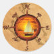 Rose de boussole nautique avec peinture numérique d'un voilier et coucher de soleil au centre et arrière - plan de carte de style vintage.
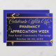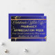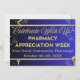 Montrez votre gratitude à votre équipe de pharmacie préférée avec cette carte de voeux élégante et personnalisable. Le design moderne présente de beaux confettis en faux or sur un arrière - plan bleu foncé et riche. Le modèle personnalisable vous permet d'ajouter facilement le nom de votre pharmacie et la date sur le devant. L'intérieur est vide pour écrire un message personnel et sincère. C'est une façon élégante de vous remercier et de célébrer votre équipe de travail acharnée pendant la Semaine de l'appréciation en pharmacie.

* * *

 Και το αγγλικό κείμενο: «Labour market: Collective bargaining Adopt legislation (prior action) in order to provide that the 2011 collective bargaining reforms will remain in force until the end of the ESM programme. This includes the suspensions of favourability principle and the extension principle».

==

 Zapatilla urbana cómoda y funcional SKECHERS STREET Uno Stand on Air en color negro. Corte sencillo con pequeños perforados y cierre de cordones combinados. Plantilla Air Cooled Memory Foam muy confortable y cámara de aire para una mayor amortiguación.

YOUR TASK:
Precisely those lines above that run from the line with "Rose de boussole" up to and including the line with "Montrez votre gratitude" are to be set down, with the pictures omitted.

WORKED SOLUTION:
 Rose de boussole nautique avec peinture numérique d'un voilier et coucher de soleil au centre et arrière - plan de carte de style vintage.
 Montrez votre gratitude à votre équipe de pharmacie préférée avec cette carte de voeux élégante et personnalisable. Le design moderne présente de beaux confettis en faux or sur un arrière - plan bleu foncé et riche. Le modèle personnalisable vous permet d'ajouter facilement le nom de votre pharmacie et la date sur le devant. L'intérieur est vide pour écrire un message personnel et sincère. C'est une façon élégante de vous remercier et de célébrer votre équipe de travail acharnée pendant la Semaine de l'appréciation en pharmacie.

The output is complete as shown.